- [WHAT TO PRODUCE]:
Copy down every line of the data that follows exactly. Omit the pictures.

- [COLLECTED MATERIAL]:
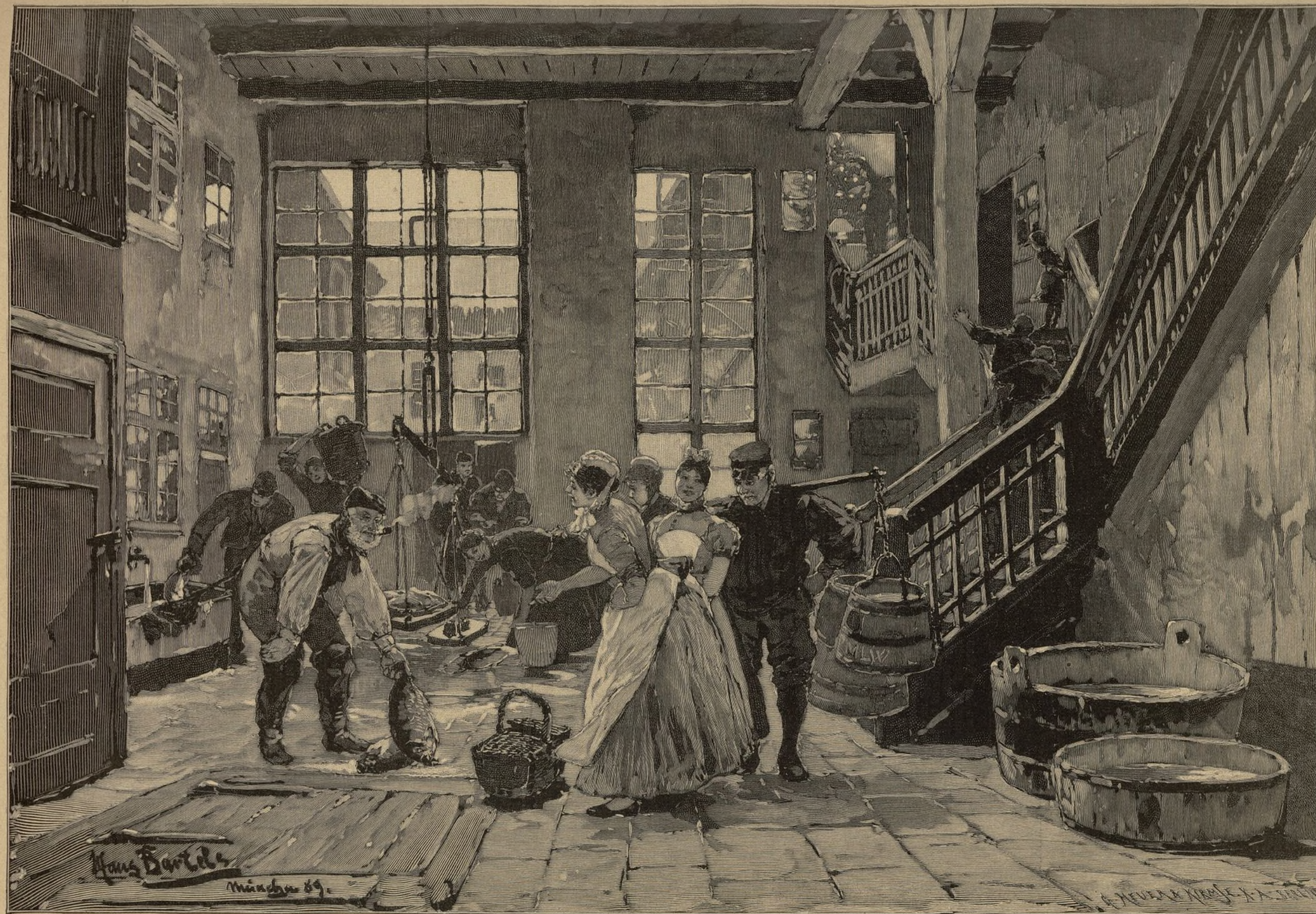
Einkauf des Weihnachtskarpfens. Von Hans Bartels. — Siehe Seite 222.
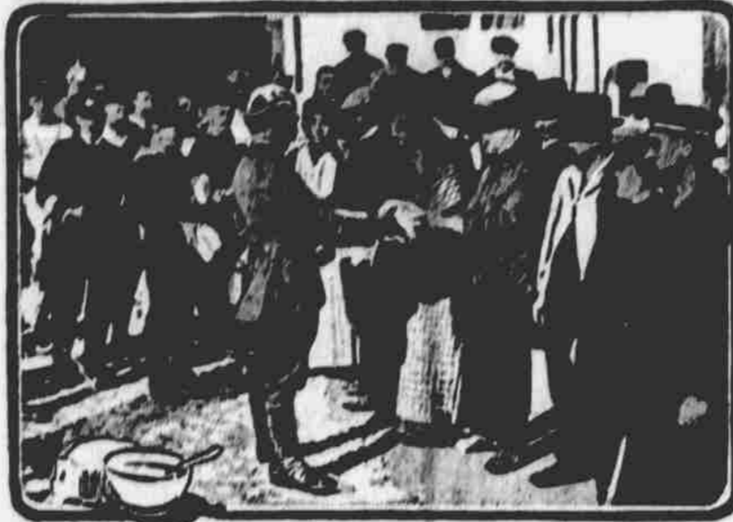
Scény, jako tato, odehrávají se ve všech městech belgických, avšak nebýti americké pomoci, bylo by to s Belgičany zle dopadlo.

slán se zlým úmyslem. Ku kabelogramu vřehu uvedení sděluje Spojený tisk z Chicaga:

- [RESPONSE AREA]:
Einkauf des Weihnachtskarpfens. Von Hans Bartels. — Siehe Seite 222.
Scény, jako tato, odehrávají se ve všech městech belgických, avšak nebýti americké pomoci, bylo by to s Belgičany zle dopadlo.

slán se zlým úmyslem. Ku kabelogramu vřehu uvedení sděluje Spojený tisk z Chicaga:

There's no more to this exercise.